México vivió ayer un día más de vergüenza y degradación política: el gobierno simuló construir “la mejor democracia del mundo”, pero fue tan ilegal y aberrante que resultó un bodrio nauseabundo. Fue un acto cínicamente calculado en el proceso de dinamitar nuestro sistema de justicia, y dio paso libre a la creciente arbitrariedad, que también a estos criminales y a su descendencia aplastará.
Ese hecho no debe analizarse superficialmente. Sus raíces se hunden en la congénita perversidad de un enfermo mental que dispuso y dispone del destino de una población ausente de su primerísima responsabilidad: intervenir limpia y generosamente en la vida pública.

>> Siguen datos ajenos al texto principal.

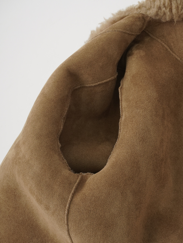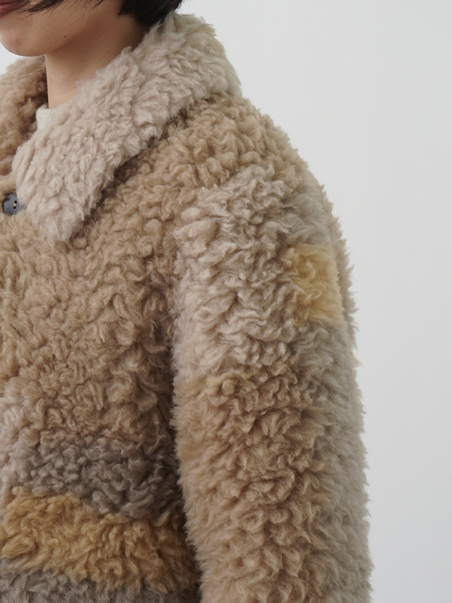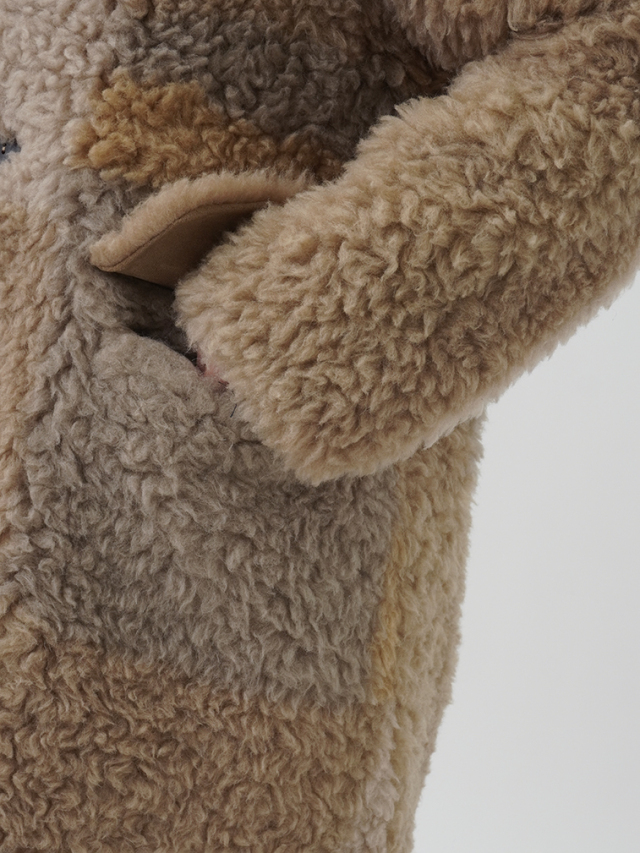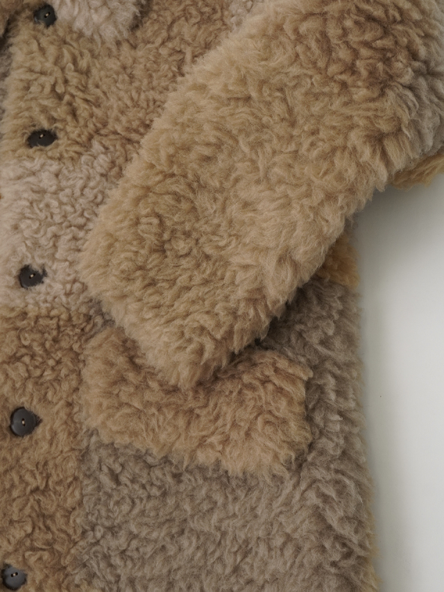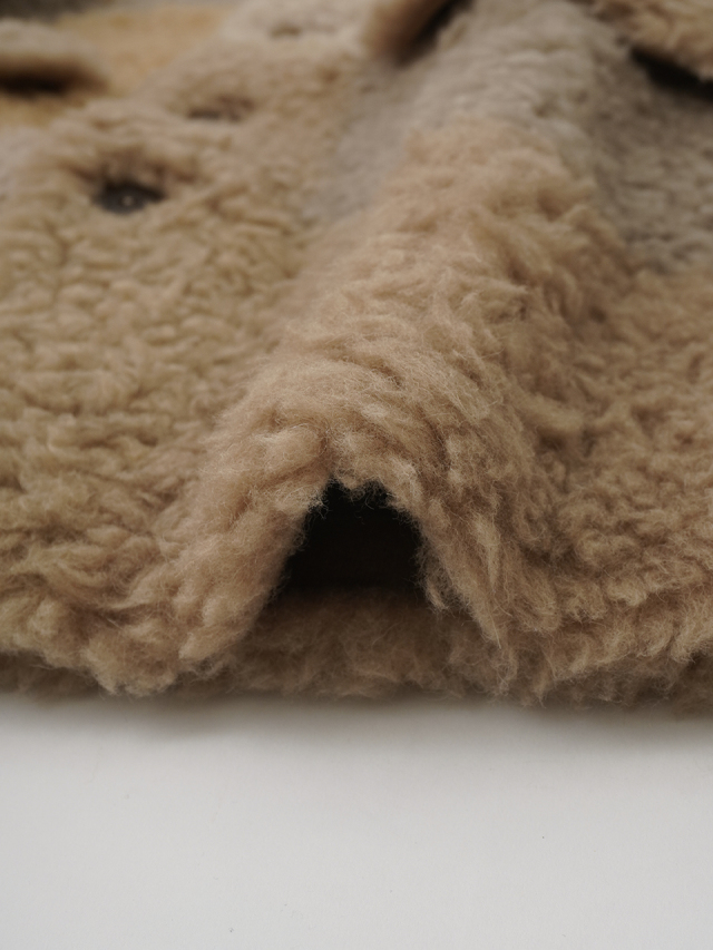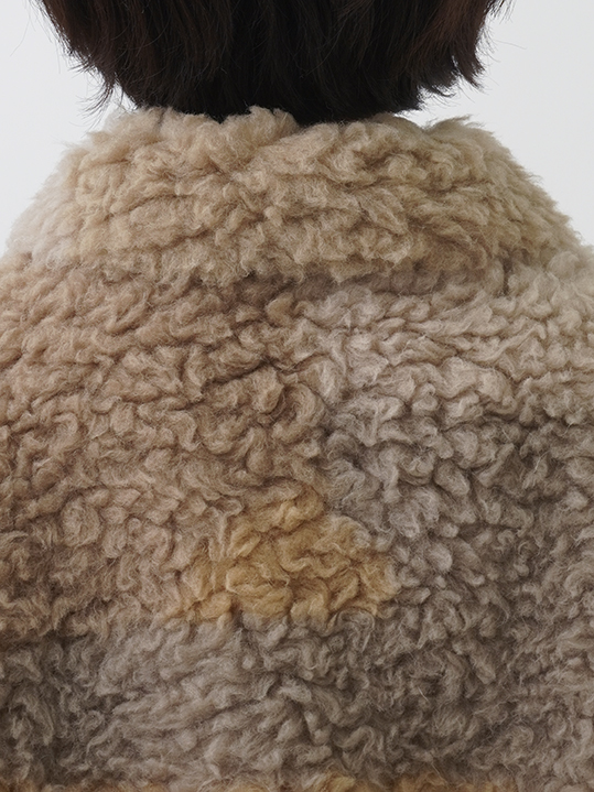 着心地も見た目もあたたかなウール100%の上質なボア素材は、長時間着ても疲れにくい軽さと、しっかりとした保温性で身体を包み込みます。
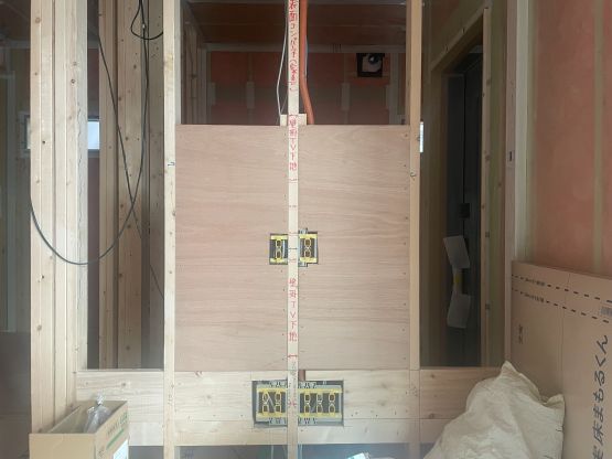 テレビは重量があるため、石膏ボードだけで支えることはできません。構造材の間に合板を入れて補強することでしっかり固定できるようになります。

Cuando se lee la historia de otros pueblos sorprende la repetición de ciertos comportamientos patológicos de algunos de sus dirigentes. Me referiré a un hombre cuya huella profunda, por su inmensurable maldad, sigue lacerando a su nación:
De él dijeron los que de cerca lo trataron que “nunca fue tolerante con la disensión en las filas de su partido”; que “no le importaban en absoluto las opiniones de los demás”; que “deliberadamente se rodeaba de necios que no se atrevían a discutirle”; que “su actitud dominante se fue ampliando hasta llegar a proporciones megalómanas”; que “se encolerizaba con quienes trató durante años”; que “actuaba poseído por el odio y la cólera”; que “vivía en una extrema tensión nerviosa”; que “su comportamiento público era vulgar y grosero”; que “era difícil creer que fuera un hombre culto”; que “se burlaba de sus adversarios, tanto dentro como fuera del partido, utilizando un lenguaje crudo y violento”; que “la alteración maníaca de su estado de ánimo era característica de su naturaleza psicológica”; que “buena parte de su éxito se explica por el dominio imponente sobre su partido”; que “ningún otro partido político había estado tan íntimamente ligado a la personalidad de un único hombre, y que fue el primero que logró la categoría de un dios”; que “se le juró lealtad como líder y maestro, porque todos los demás eran enanos políticos”; que “su dominio sobre el partido tenía que ver más con la cultura del partido que con su carisma, y que su oratoria era gris, que le faltaba brillantez”; que “no podía pronunciar las palabras correctamente, pero tenía facilidad para encontrar lemas fáciles que metía en la cabeza de sus oyentes a fuerza de repetirlos constantemente”; que “fue capaz de infundir una fe fanática en el movimiento y en la causa”; que era “un hombre monomaníaco con la moral atrofiada”.
Se puede deducir que lo anterior se refiere a Tartufo (alias AMLO), pero es la historia de Vladímir Uliánov, el tal Lenin (1870-1924) que desató en Rusia una de las guerras civiles más sangrientas que registra la historia. Como dice la canción: “… tantos mundos, tanto espacio y coincidir”.